The following policy is proposed to apply to the refinancing and/or subordination of loans made by the FCRHA:

  • No cross-collateralization or cross-default among the FCRHA financed properties will be considered. This requirement will ensure that in case of default on a property, the superior lender can foreclose only on the property in question, and will not be able to foreclose on any other property within the portfolio, which may have a higher appraised value, in order to get reimbursed on the superior mortgage. This applies to the refinancing of loans which are not cross collateralized or cross defaulted.

  • No cash out refinancing from the FCRHA financed properties will be permitted. This requirement will ensure that the affordable properties are not over leveraged and continue to serve the population these properties were intended to serve. Moreover, this requirement will make sure that the FCRHA’s equity share is not put at risk.

  • A minimum Debt Coverage Ratio of 1.0 shall be required. This requirement will ensure that property has sufficient revenue to meet the operating expenses and pay the debt on the must-pay loans.
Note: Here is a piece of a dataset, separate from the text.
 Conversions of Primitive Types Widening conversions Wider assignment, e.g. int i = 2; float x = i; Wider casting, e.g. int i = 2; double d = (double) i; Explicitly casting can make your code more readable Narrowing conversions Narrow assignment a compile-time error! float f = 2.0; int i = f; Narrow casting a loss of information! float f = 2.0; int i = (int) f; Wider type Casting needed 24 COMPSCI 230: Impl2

  • Loan-to-Value shall not exceed 100 percent of the appraised value of the property, based on the appraisal ordered by the first mortgage lender or HCD. This requirement will ensure that the property is not burdened with any more debt than it can support and the FCRHA’s interest is not at a risk.
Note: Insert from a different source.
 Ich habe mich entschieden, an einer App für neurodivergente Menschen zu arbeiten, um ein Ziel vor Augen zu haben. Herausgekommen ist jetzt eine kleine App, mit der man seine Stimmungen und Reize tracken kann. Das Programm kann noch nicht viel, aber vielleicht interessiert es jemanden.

  • Fixed interest rate, fully amortizing mortgages with no balloon payment(s) will be the preferred refinancing vehicle. This requirement will ensure that the debt service expense is predictable and the borrower is able to budget this expense while planning their future budgets.
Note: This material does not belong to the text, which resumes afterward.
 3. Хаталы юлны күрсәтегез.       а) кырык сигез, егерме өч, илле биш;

  • Funding of “FCRHA Reserve Account” to backstop balloon payments, if any, shall be required. In the event the original first trust loan has a balloon payment this requirement will ensure that the borrower has funds available to be used at the time of refinancing of the balloon payment. Since banks have adopted strict credit requirements, such a reserve will assist the borrower as a leverage at the time of refinancing. Consideration of changing from an amortizing loan to a balloon payment as part of refinancing will only be given if a sufficient reserve account is available.

  • Any other factors as deemed necessary after review and evaluation by the Department of Housing and Community Development’s Loan Underwriting Committee and approved by the FCRHA.

  • Changes in terms beyond a change in the interest rate must be approved by the FCRHA.

  • Exceptions to the policy must be approved by the FCRHA.